Cyclone season in the Southwest Indian Ocean

The 2008–09 South-West Indian Ocean cyclone season was a slightly above average event in tropical cyclone formation. It began on November 15, 2008, and officially ended on April 30, 2009, with the exception for Mauritius and the Seychelles, for which it ended on May 15, 2009. These dates conventionally delimit the period of each year when most tropical cyclones form in the basin, which is west of 90°E and south of the Equator. Tropical cyclones in this basin were monitored by the Regional Specialised Meteorological Centre in Réunion.

As predicted by the sub regional office of Mauritius ten named storms formed in this basin. It officially began on November 15, but began 1 month earlier when Tropical Storm Asma formed on October 16. Most of the storms that formed this year were weak or stayed at sea. Only two storms reached hurricane strength this year, both of which were Category 3 or higher, and only 3 storms made landfall in the entire season. Overall, the impact of this season was relatively minor, but damaging for Madagascar, due to the heavy rains from Eric, Fanele, Izilda and Jade.

== Systems ==
=== Zone of Disturbed Weather 01 ===

On October 6, the Joint Typhoon Warning Center (JTWC) began monitoring an area of persistent convection about 575 km (355 mi) southeast of Diego Garcia. Although the center of circulation (CoC) was elongated, the system was located within an area of low wind shear and development of the low was possible. At 12:00 UTC later that day, the Regional Specialized Meteorological Centre (RSMC), Météo-France (MFR), began issuing advisories on "Zone of Disturbed Weather 01". Despite a banding feature developed around the CoC, significant development was not anticipated. The low gradually weakened throughout October 7, and dissipated the next day.
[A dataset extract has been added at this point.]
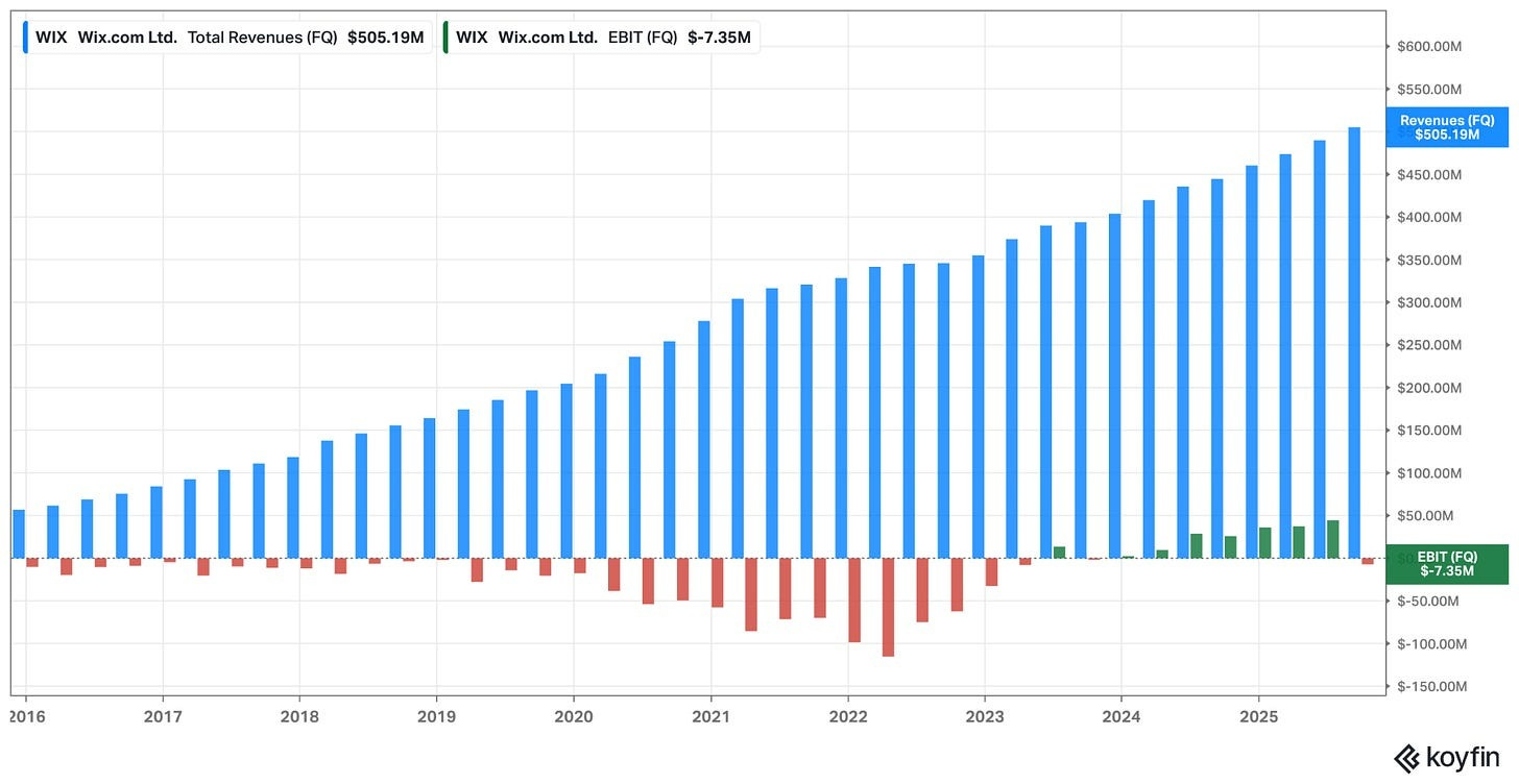 To sum up: the couple of extra revenue percentage points provided by Base44 comes at a steep cost: depressed gross margins, increased R&D costs, and a ballooning marketing spend. For the first time since 2023 – when it recovered from its Covid hangover – Wix moved into a negative EBIT territory. And the trend is only expected to accelerate: the team is incentivized to push as hard as they can on Base44 growth, and collect additional earn-out payments as they are driving down Wix’s margins.

=== Moderate Tropical Storm Asma ===

On October 16, MFR designated an area of low pressure north-west of Diego Garcia as Tropical Disturbance 02. Later that evening the JTWC issued a Tropical Cyclone Formation Alert on the system. At 2100 UTC on October 16, the JTWC issued their first advisory and designated it as Tropical Cyclone 01S. Early the next day the disturbance intensified into a tropical depression, but on October 18 MFR downgraded the system to a tropical disturbance, noting that the near gale-force winds that were near the center are now several hundred kilometers away from the center. The next day MFR re-upgraded the system to a tropical depression due to a slight decrease in vertical wind shear that had inhibited the disturbance and a slight re-location of the center. Later that day MFR upgraded the depression to a Moderate Tropical storm, so the Sub-Regional Tropical Cyclone Advisory Centre in Mauritius assigned the name Asma to the tropical storm. Early on October 20, Asma reached its peak intensity with winds of 85 km/h with a minimum pressure of 985 hPa (mbar). The storm featured good outflow and was situated over warm waters; however, moderate wind shear was forecast to prevent the cyclone from intensifying any further. Shortly after reaching peak intensity, the combination of cooler waters and higher wind shear caused the storm to weaken slightly. Continued weakening took place throughout the day as deep convection associated with Asma dissipated and the strongest winds were displaced from the center. By the morning of October 21, Asma was downgraded to a tropical depression as the low became further disorganized. Later that day, the depression degenerated to a tropical disturbance as only an exposed low remained. The final advisory was issued at 0600 UTC on October 22 as no redevelopment took place. However, only 12 hours after the final advisory was issued, the disturbance began to regenerate and MFR began issuing advisories on the regenerated system. The redevelopment was short lived and Asma dissipated less than 24 hours later.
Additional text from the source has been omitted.